### TASK GOAL
Write out again the lines from the line with "Men's Coconut Tree" up to and including the line with "Glasgow 22 passes", exactly as they stand below, and skip any picture.

### DATA IN THIS EXERCISE
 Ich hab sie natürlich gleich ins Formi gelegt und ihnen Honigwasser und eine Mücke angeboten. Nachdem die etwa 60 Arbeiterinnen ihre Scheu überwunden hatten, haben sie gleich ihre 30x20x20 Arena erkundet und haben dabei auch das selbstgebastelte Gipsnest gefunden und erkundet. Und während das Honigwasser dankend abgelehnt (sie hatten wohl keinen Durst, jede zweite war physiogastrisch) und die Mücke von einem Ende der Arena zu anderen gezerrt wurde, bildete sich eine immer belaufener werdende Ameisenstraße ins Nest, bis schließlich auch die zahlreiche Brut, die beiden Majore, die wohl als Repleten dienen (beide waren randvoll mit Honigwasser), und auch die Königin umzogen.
...
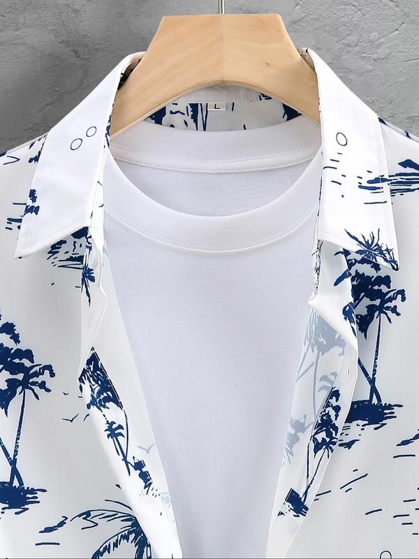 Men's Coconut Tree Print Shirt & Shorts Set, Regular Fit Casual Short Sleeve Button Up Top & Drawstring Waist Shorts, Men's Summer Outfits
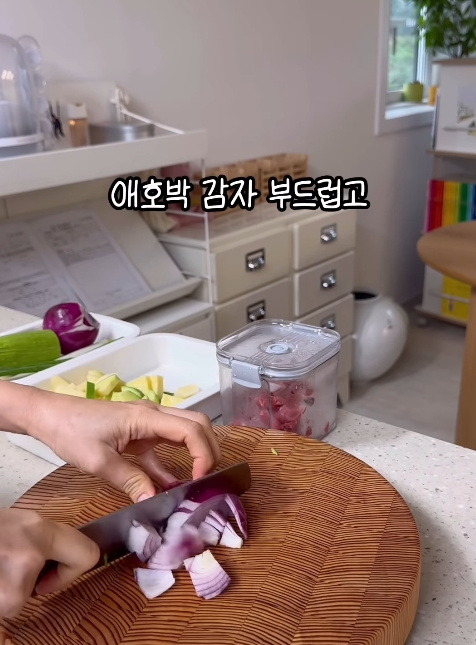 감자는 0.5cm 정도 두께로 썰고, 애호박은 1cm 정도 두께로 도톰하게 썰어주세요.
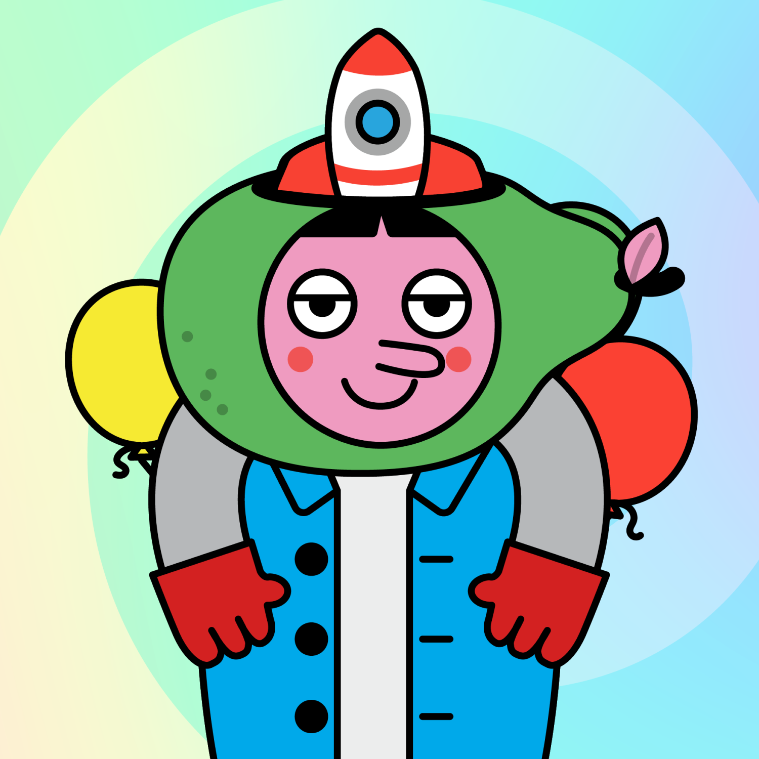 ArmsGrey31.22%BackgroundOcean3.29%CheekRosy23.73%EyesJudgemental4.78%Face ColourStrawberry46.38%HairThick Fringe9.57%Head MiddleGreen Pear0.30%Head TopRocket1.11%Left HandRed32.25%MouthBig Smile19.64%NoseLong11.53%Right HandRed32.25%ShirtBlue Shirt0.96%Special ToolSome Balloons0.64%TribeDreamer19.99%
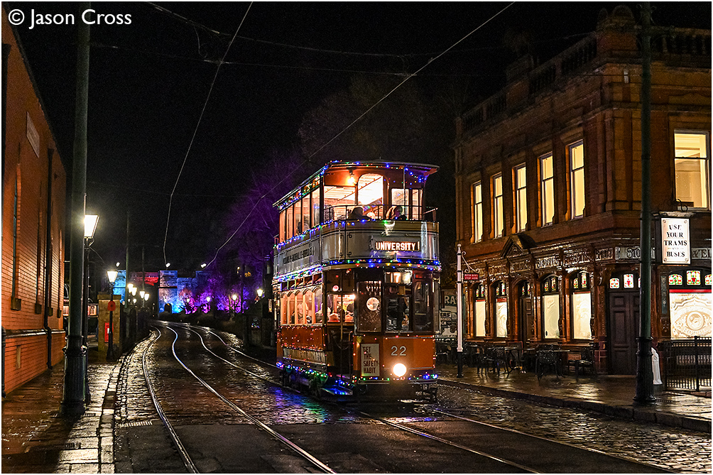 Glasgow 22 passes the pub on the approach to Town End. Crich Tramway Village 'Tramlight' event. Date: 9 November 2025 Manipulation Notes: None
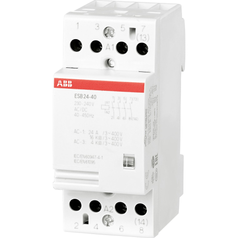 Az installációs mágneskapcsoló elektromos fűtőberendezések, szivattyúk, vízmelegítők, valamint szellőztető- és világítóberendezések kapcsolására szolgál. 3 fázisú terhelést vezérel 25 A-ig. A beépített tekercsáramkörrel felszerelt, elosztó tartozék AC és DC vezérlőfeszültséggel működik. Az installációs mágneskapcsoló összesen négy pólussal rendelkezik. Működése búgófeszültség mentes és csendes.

### YOUR RESPONSE
 Men's Coconut Tree Print Shirt & Shorts Set, Regular Fit Casual Short Sleeve Button Up Top & Drawstring Waist Shorts, Men's Summer Outfits
 감자는 0.5cm 정도 두께로 썰고, 애호박은 1cm 정도 두께로 도톰하게 썰어주세요.
 ArmsGrey31.22%BackgroundOcean3.29%CheekRosy23.73%EyesJudgemental4.78%Face ColourStrawberry46.38%HairThick Fringe9.57%Head MiddleGreen Pear0.30%Head TopRocket1.11%Left HandRed32.25%MouthBig Smile19.64%NoseLong11.53%Right HandRed32.25%ShirtBlue Shirt0.96%Special ToolSome Balloons0.64%TribeDreamer19.99%
 Glasgow 22 passes the pub on the approach to Town End. Crich Tramway Village 'Tramlight' event. Date: 9 November 2025 Manipulation Notes: None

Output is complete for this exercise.